これをもって、セーリングはスピード以外にも面白さがある事が解ります。波に当たる感覚、越える感覚、加速する時、船体の硬さの重要性、全体バランスの重要性、舵の感覚、安定した感覚、不安定な感覚、いろんな処にいろんな感覚があって、それらが全部統合して、全体の感覚が生まれる。そんなセーリングの仕方もある。

デイセーリングにおけるセーリングは、スピードを求めつつ、そのセーリングの感覚に集中して、上質のフィーリングを得るセーリングではなかろうか? まず、目標は当然スピードを目指す。しかし、これは手段であって、その結果得られる感覚はどんなものか? というのがテーマ。 その時々の波や風によって、フィーリングが違う。そこをより味わう処に、セーリングの面白さがあり、そこに特化しようとしたのが、今日のデイセーラーではなかろうか?

どこかに行く目的地があるで無し。レースの様に、誰かに勝つで無し。とにかく、自分のセーリングを求めて、そのフィーリングを味わう。これこそが、デイセーラーの醍醐味ではなかろうか?そうすると、キャビンは重要では無くなるし、速さだけを求めていないから、レーサーの様である必要は無い。
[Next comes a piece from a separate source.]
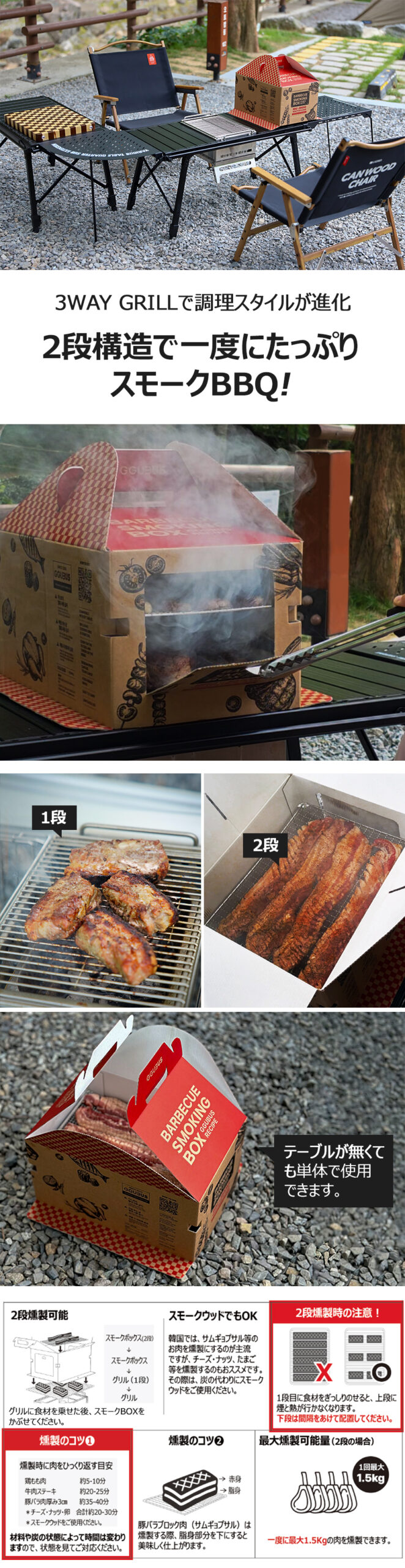 地面で使用される場合は、3WAY GRILLとの併用はできませんので、スモークBOX単体でご使用ください。その際は、1段のスモークが可能となります。
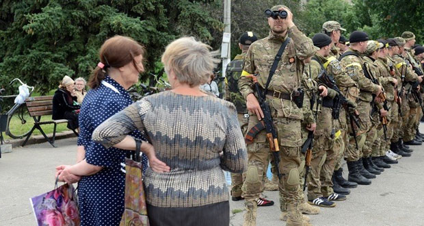 وقال الدبلوماسي الروسي في بيان نشر على موقع وزارة الخارجية الروسية الإلكتروني “مع أسفنا تتواصل حرب حقيقية في أوكرانيا ويمكن بالطبع محاولة إخفاء هذه الواقعة الثابتة بمصطلحات ذات وقع حسن على شاكلة “العملية المضادة للإرهاب” و”إجراءات لحماية وحدة الأراضي” و”تدابير لحفظ النظام” وكل ذلك لا يغير من جوهر الأمر”.

ただ、そのヨットの船型とか、バランスとか、安定感とか、硬さとか、様々な要因から来る感じを味わう。

その為に、取り扱い易さが必要で、重すぎない、軽すぎない、どことも言えないポイントが必要なのかもしれません。それがデイセーラーの目指す処ではなかろうか?デイセーラーは、セーリングを楽しむ為に造られる。これらをテーマにした時、やっぱりシングルハンドでなければならない。
デイセーラーで、上質のセーリングを。速い事は面白い。でも、それだけが全てでは無い事を、デイセーラーは教えてくれる。